[Given data — start]

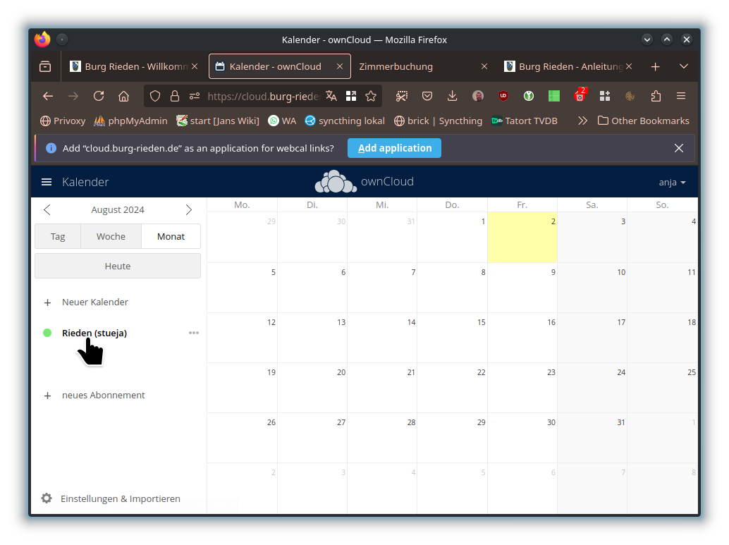 Termine im gemeinsam verwendeten Kalender siehst Du, wenn vor “Rieden (stueja)” ein farbiger Punkt zu sehen ist. Sollte kein farbiger Punkt zu sehen sein, klicke einmal auf “Rieden (stueja)”.
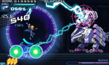 アキュラは、ダッシュ体当たりで対象物をロックオンできる。ロックオン状態で発射するフォトンレーザーは曲線を描いて敵に必中する。
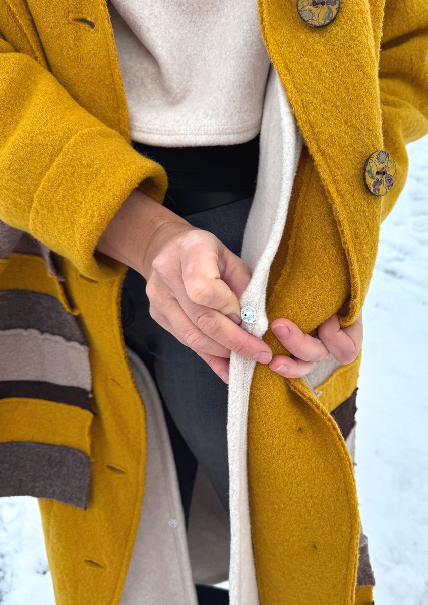 Kabát je ušitý z kabátové pařené vlny, bez podšívky Střih je rovný a zapínání na knoflíky. Součástí je i ozdobná sešívaná šelá ze stejného materiálu.
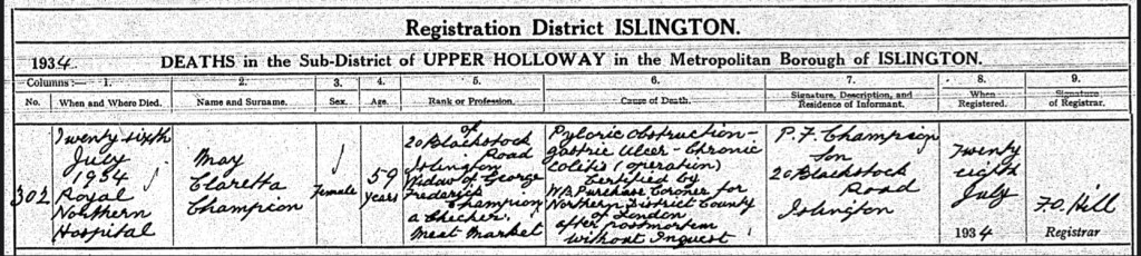 The sorrow that had already touched the Willats family deepened further when Frederick’s dear sister, 57-year-old May Claretta Champion (née Willats), passed away on Thursday, the 26th of July, 1934. May, the widow of George Frederick Champion, who had worked in the chicken meat market, had lived at 20 Blackstock Road, Islington, London. She had been struggling with health issues for some time, and her death followed complications from pyloric obstruction, a gastric ulcer, and chronic colitis, which had required surgery. Despite the efforts made to heal her, her body could no longer fight the toll these conditions had taken.
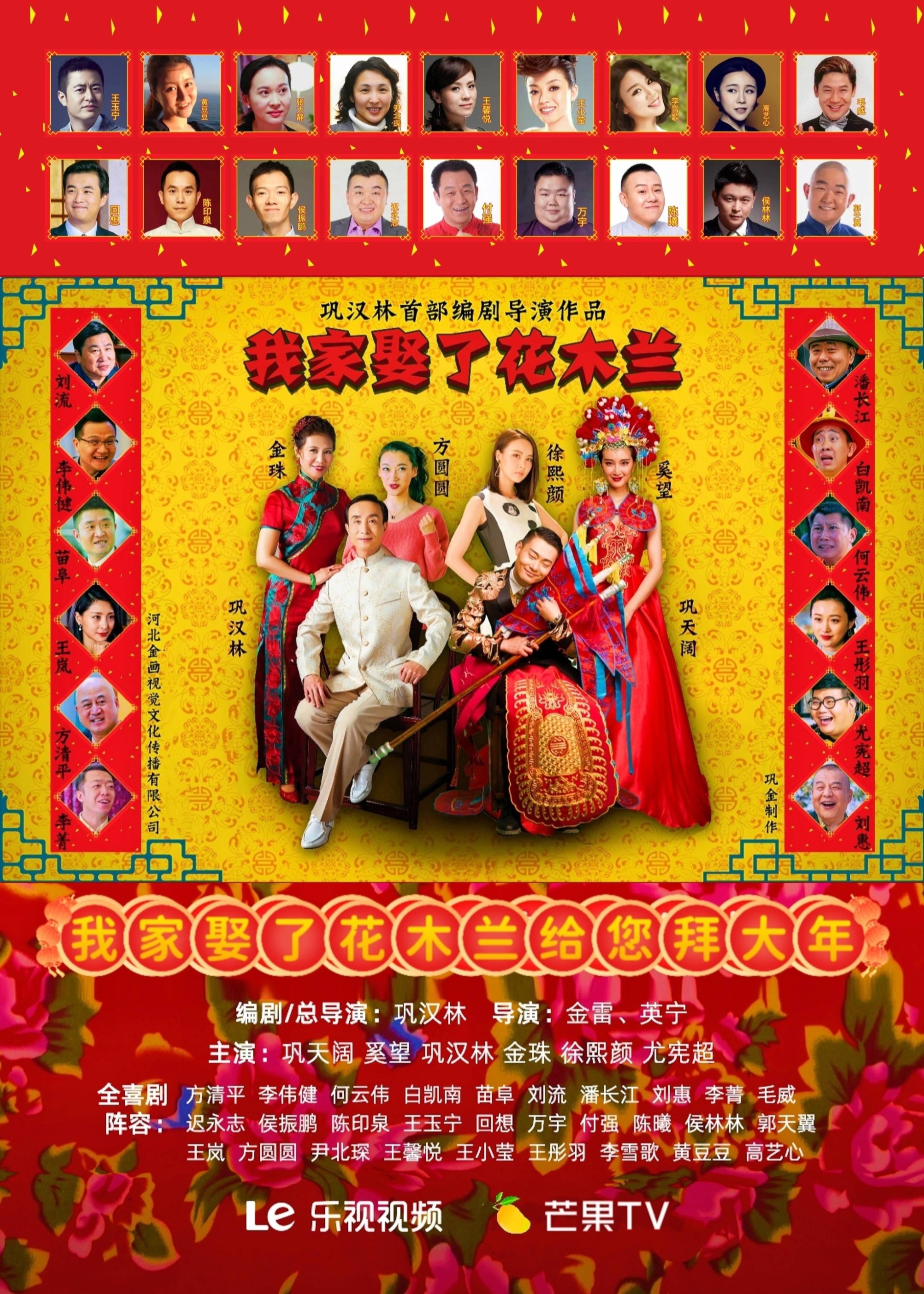 《我家娶了花木兰》由巩汉林、金雷、英宁执导,巩天阔、奚望、巩汉林、金珠、徐熙颜、尤宪超主演,方清平 、李伟建、白凯南、苗阜、刘流、刘惠、潘长江、李菁、毛威、何云伟、迟永志 、侯振鹏、陈印泉、王玉宁、回想、万宇、付强、陈曦、侯林林、郭天翼、王岚、方圆圆、尹北琛、王馨悦、王小莹、李雪歌、黄豆豆、高艺心等21位相声演员和多位喜剧演员参演。

[Given data — finish]

## Your goal
Could you transcribe exactly the entries above, but only the lines from the one with "アキュラは、ダッシュ体当たり" through the one with "Kabát je ušitý", and without pictures?

## Output of the task
 アキュラは、ダッシュ体当たりで対象物をロックオンできる。ロックオン状態で発射するフォトンレーザーは曲線を描いて敵に必中する。
 Kabát je ušitý z kabátové pařené vlny, bez podšívky Střih je rovný a zapínání na knoflíky. Součástí je i ozdobná sešívaná šelá ze stejného materiálu.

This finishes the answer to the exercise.